== Segment start ==
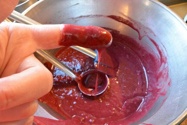 2. In a medium bowl, beat eggs, buttermilk, butter, vanilla, and vinegar until well-combined. Add red food colouring (go a couple of shades darker to get the colour you want, it will lighten when you add the dry ingredients. Adjust as needed.) Pour the wet mix into dry ingredients and fold gently until combined. Do not over mix. Treat the batter with care.
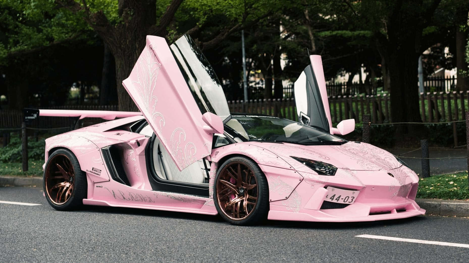 Pink Sparkling Lamborghini With Doors Open Wallpaper -
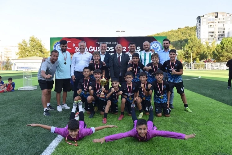 BURSA (İGFA) - 30 Ağustos Zafer Bayramı’nda, spor ve milli bilinci aynı sahada buluşturan Bursa Yıldırım Belediyesi, düzenlediği, ‘30 Ağustos U-12 Yaş Futbol Turnuvası’ ile ilçede futbol şöleni yaşattı. Fidyekızık Spor Tesisi’nde düzenlenen turnuvaya 22 takım ve 350 sporcu katıldı. 5 grup şeklinde oynanan turnuva kıran kırana maçlara sahne oldu. Kardeşlik, dayanışma ve centilmenlik ruhu içinde geçen mücadelelerin ardından; 1. Grup’ta Arabayatağı Spor, 2. Grup’ta Yolspor, 3. Grup’ta Kentspor, 4. Grup’ta Millet Göçmen Spor, 5. Grup’ta ise Karapınar Spor şampiyonluğa ulaştı. Turnuvanın en centilmen takımı ise Samanlıspor oldu.
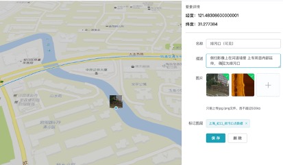 排污口的位置清晰可见,还可以在右侧查看该排污口的描述信息,和图片信息,点击图片可以放大浏览。
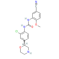 | SMILES | COc1ccc(C#N)cc1NC(=O)Nc1ccc([C@@H]2CNCCO2)cc1Cl |
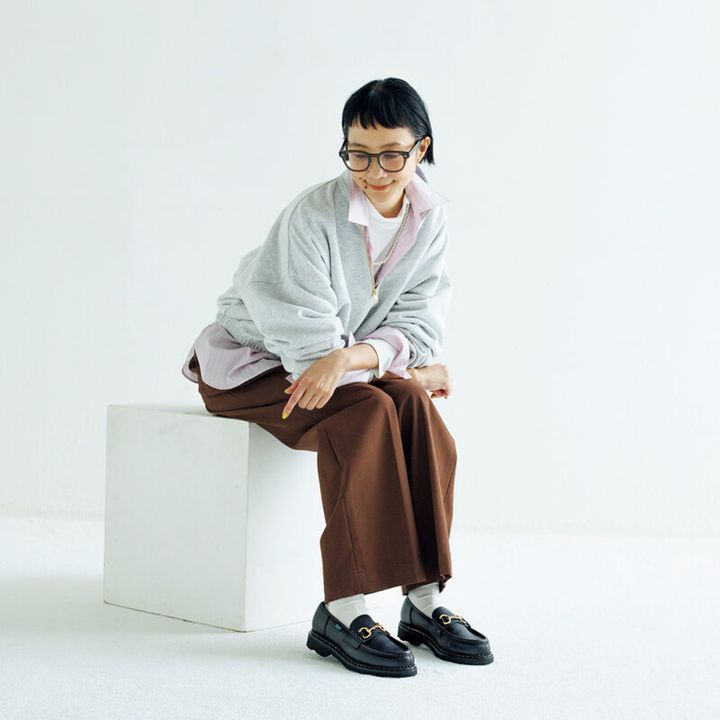 ローファー¥94,600 /パラブーツ(パラブーツ青山店)、ジッププルオーバー¥8,800 /ラッセルアスレティック(グレースインターナショナル)、ハイネックカットソー¥7,700 /コンジェペイエ アデュートリステス、シャツ¥29,920/アストラット(エディット ユナイテッドアローズ梅田店)、パンツ¥36,300 /タンジェント(ザエディット ストア)、パールネックレス¥11,000/アデュートリステス、メガネ¥19,800 /ザベッドフォード ホテル(キングスター)、ソックス¥3,300 /パンセレラ(真下商事)
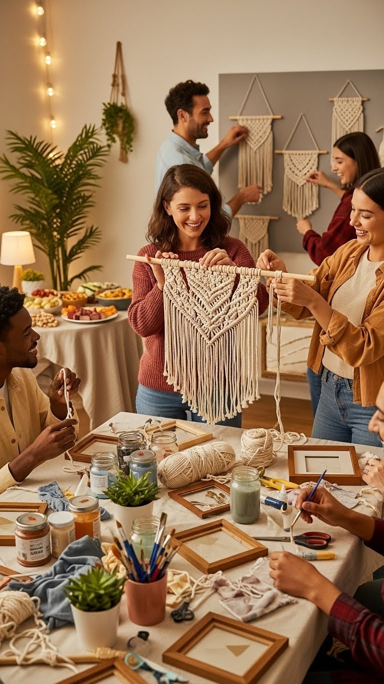 Often, hosting a group DIY or craft night turns simple projects into decor you’ll actually want to display — and it’s a great way to refresh your rental without permanent changes. Invite friends for a craft potluck, swap supplies, and make communal macramé hangings or painted frames. You’ll build unique pieces, save money, and enjoy flexible, renter-friendly style that reflects your collective creativity.
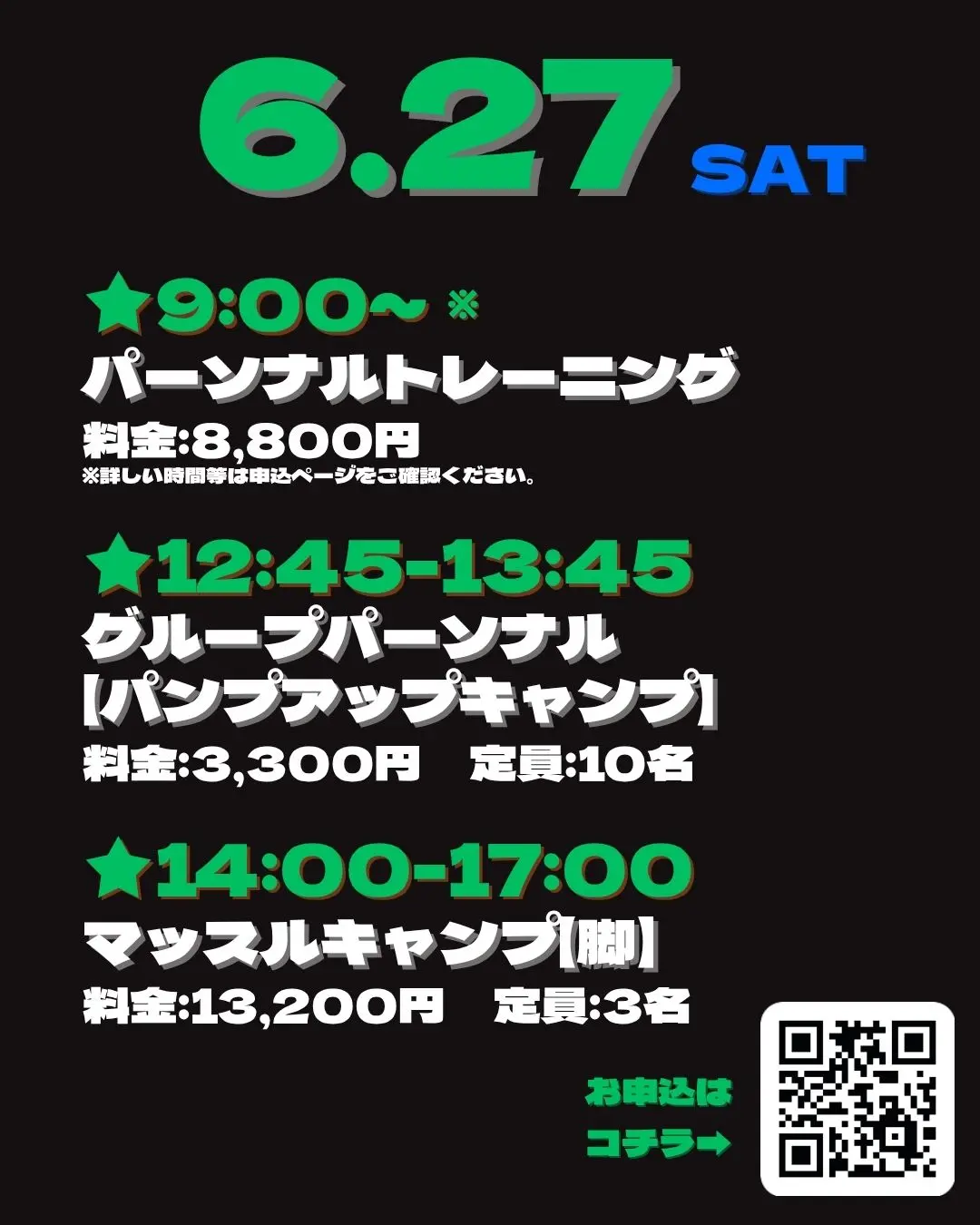 6月27日坂本陽斗パーソナル&マッスルキャンプデイ
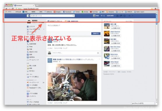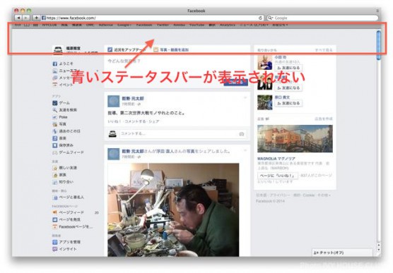 フェイスブックのステータスバーも問題なく表示されているね〜♪
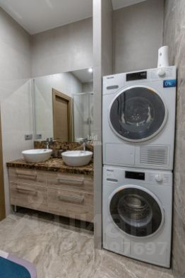 Есть стиральная и сушильная машины, двухкамерный холодильник, телевизор, кондиционер.
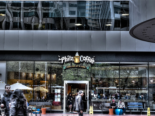 「フィルズコーヒー」は、比較的小ぶりなお店ですが、後から調べてみると、何と1店舗当たりの年間売上高は平均170万ドル(約1億9000万円)で、スターバックスコーヒーの120万ドル(約1億3000万円)を大きく上回るとのこと。
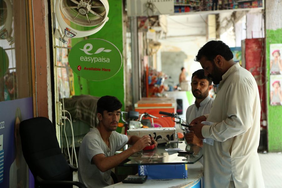 Pakistani people stand at a shop for online payment transaction via "Easypaisa" a digital financial service, in Islamabad, capital of Pakistan on Aug. 29, 2019. (Xinhua/Ahmad Kamal)
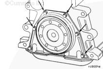 曲軸后油封安裝在殼體上,該殼體通過(guò)螺栓安裝在缸體后部。使用雙層 Teflon™ 密封件。曲軸密封面必須清潔并且在安裝油封時(shí)沒(méi)有機(jī)油。
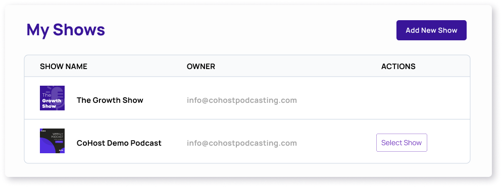 Our plans are priced per show, but you can manage unlimited show plans within your CoHost account, along with unlimited team members.
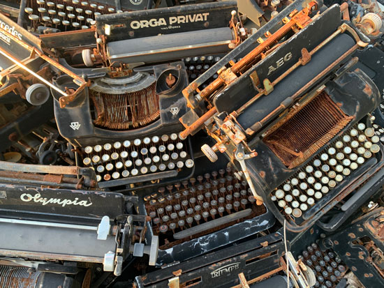 Die Zwischenschritte im eigenen Schaffensprozess dokumentierte Nolte durch das Sammeln alter Schreibmaschinen, jedes Objekt steht für einen Arbeitsschritt, der verworfen wurde, ist ein Platzhalter eines Zeitabschnitts.
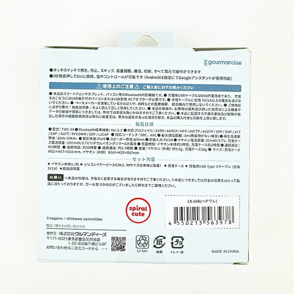 音漏れしにくいちいかわのカナルタイプのステレオイヤホンで♪。Bluetoothの無線技術を用いて8m以内であれば音楽再生・ハンズフリー通話が可能◎タッチスイッチで再生、停止、スキップ、音量調整、着信、切断、全て耳元で簡単に操作ができます♪お好きなキャラクターと一緒にお散歩や運動しませんか♪【製品仕様】型式:TWC-04 、Bluetooth標準規格:Ver.5.3 、対応プロファイル:A2DP/AVRCP/HFP/AVCTP/AVDTP/SPP/SMP/ATT/GAP/GATT/RFCOMM/SDP/L2CAP 、対応コーデック:SBC、AAC 、最大通信距離:8m(障害物がない場合) 、再生周波数帯域:20Hz-20KHz 、音圧感度:85dB 、スピーカー直径:6mm 、定格入力:5V/1A 、イヤホン電池容量:30mAh/3.7V 、充電ケース電池容量:150mAh/3.7V/リチウムイオンポリマー2次電池 、充電時間:イヤホン本体約1時間、充電ケース約2時間 、連続再生:約3時間 、連続待受:約50時間 、連続通話:約2.5時間【サイズ】充電ケース:H38×W52×D27mm、イヤホン(片側):H17×W14×D20mm【セット内容】イヤホン本体(L/R)、シリコンイヤーピース(S、M、L)※Mサイズは本体に装着※、充電ケース、充電用USB-Type、Cケーブル(定格5V1aA)、取り扱い説明書
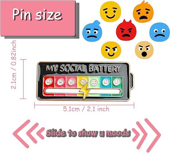 Social Battery Pin - Slider Pins for Introverts, Funny Interactive Mood Pins for Jackets & Backpacks - Novelty Cowboy Accessories for Men, Cute Gifts for Girlfriend, Wife, Her [Novelty Accessories]
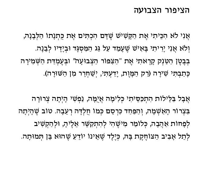 there was at least love, that is, a girl to call and hear Tel Aviv
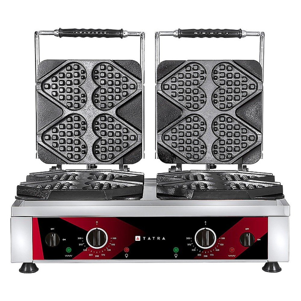 Вафельница Tatra TWI 2 TIAMO предназначена для выпечки вафель в форме сердца на предприятиях общественного питания и торговли. Модель оснащена электромеханической панелью управления с терморегулятором, 2 зонами выпечки с независимым управлением, емкостью для сбора жира и индикаторами питания и нагрева. Корпус выполнен из нержавеющей стали, несъемные рабочие поверхности - из чугуна.
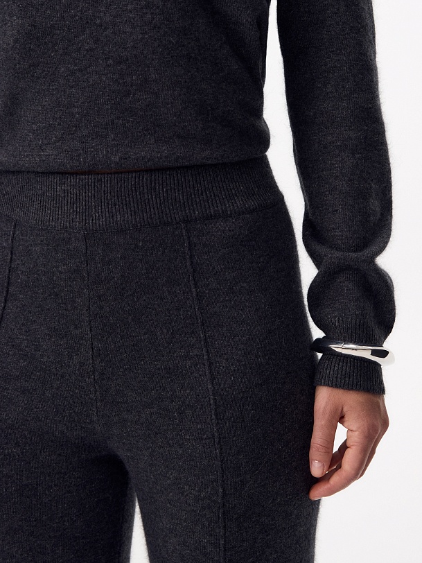 Уютный костюм состоящий из прямого свитера и брюк с рельефами на резинке.
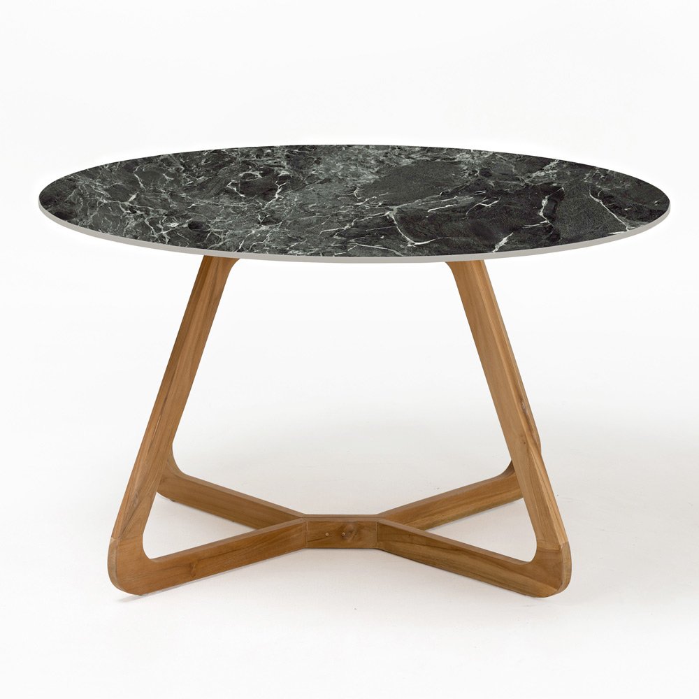 Table de jardin ronde en bois et céramique, fabriquée en Italie
== Segment end ==
Leaving out the pictures, please output the lines in the entries above from the one with "BURSA (İGFA) - 30" through the one with "SMILES | COc1ccc(C#N)cc1NC(=O)Nc1ccc([C@@H]2CNCCO2)cc1Cl |", exactly as they are.

— THE ANSWER —
 BURSA (İGFA) - 30 Ağustos Zafer Bayramı’nda, spor ve milli bilinci aynı sahada buluşturan Bursa Yıldırım Belediyesi, düzenlediği, ‘30 Ağustos U-12 Yaş Futbol Turnuvası’ ile ilçede futbol şöleni yaşattı. Fidyekızık Spor Tesisi’nde düzenlenen turnuvaya 22 takım ve 350 sporcu katıldı. 5 grup şeklinde oynanan turnuva kıran kırana maçlara sahne oldu. Kardeşlik, dayanışma ve centilmenlik ruhu içinde geçen mücadelelerin ardından; 1. Grup’ta Arabayatağı Spor, 2. Grup’ta Yolspor, 3. Grup’ta Kentspor, 4. Grup’ta Millet Göçmen Spor, 5. Grup’ta ise Karapınar Spor şampiyonluğa ulaştı. Turnuvanın en centilmen takımı ise Samanlıspor oldu.
 排污口的位置清晰可见,还可以在右侧查看该排污口的描述信息,和图片信息,点击图片可以放大浏览。
 | SMILES | COc1ccc(C#N)cc1NC(=O)Nc1ccc([C@@H]2CNCCO2)cc1Cl |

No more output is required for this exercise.